Among the specifically disqualifying medical conditions found in FAR Part 67, an “established medical history or clinical diagnosis” of any of the six cardiac pathologies requires an authorization for special issuance, which is a discretionary, time-limited medical certification. They include: myocardial infarction; angina pectoris (chest pain associated with underlying coronary heart disease); coronary heart disease that has required treatment, or, if untreated, that has been symptomatic or clinically significant; cardiac valve replacement; permanent cardiac pacemaker implantation; heart “replacement.”
The medical records and testing review for most of these cardiac histories require hospitalization records including admission history and physical exam, preoperative diagnostic testing results, imaging studies such as coronary angiography, any reports of surgical procedures, and the discharge summary. That is the historical information that doesn’t change.
The other important part is the current diagnostic testing conducted post-operatively to assess how you’re doing as a result of the corrective fixes. The FAA wants a “maximal” exercise stress test defined by reaching the maximum predicted heart rate (220 minus your age) or at least 85 percent of the predicted maximum calculation. Nine minutes is the standard protocol—a stress test of three stages of three minutes each, with an increasing treadmill speed and incline for each stage. (After age 70, the minimum duration is six minutes.) A 24-hour ambulatory heart monitor and an echocardiogram make up the baseline cardiac testing.

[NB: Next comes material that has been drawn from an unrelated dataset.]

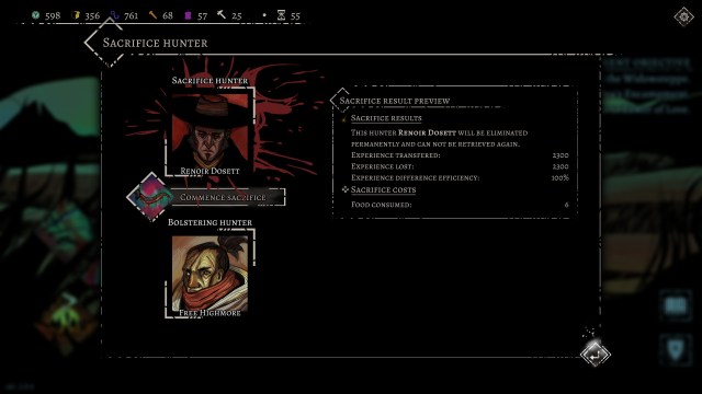 Speaking of corruption, just like Wardens in Dragon’s Age, the Hunters pay dearly for their half-breed nature. Each of them will accumulate more corruption as you play. If they reach a breaking point, they snap, dealing damage to other hunters, and die. You prevent this by doing two things: not getting an excessive amount of corruption and sacrificing your old, corrupt hunters to transfer their XP to freshly hired replacements.

The FAA will pay attention to your stress test results. If the stress ECG is positive for a condition called ischemia, meaning the heart muscle isn’t getting an adequate blood flow during exercise stress, certification will likely be denied. The presence of arrhythmias—and there are all kinds of cardiac arrhythmias—may also be problematic.
An echocardiogram captures dimensional performance data on the heart, as well as structural viability of the heart valves that control the one-way flow of blood into the aorta. A key performance value is the ejection fraction (EF), the volume of blood that is pumped out of the left ventricle with each contraction. A normal EF is about 50 percent or more, and the FAA looks at a minimum of 40 percent as a base for medical certification purpose.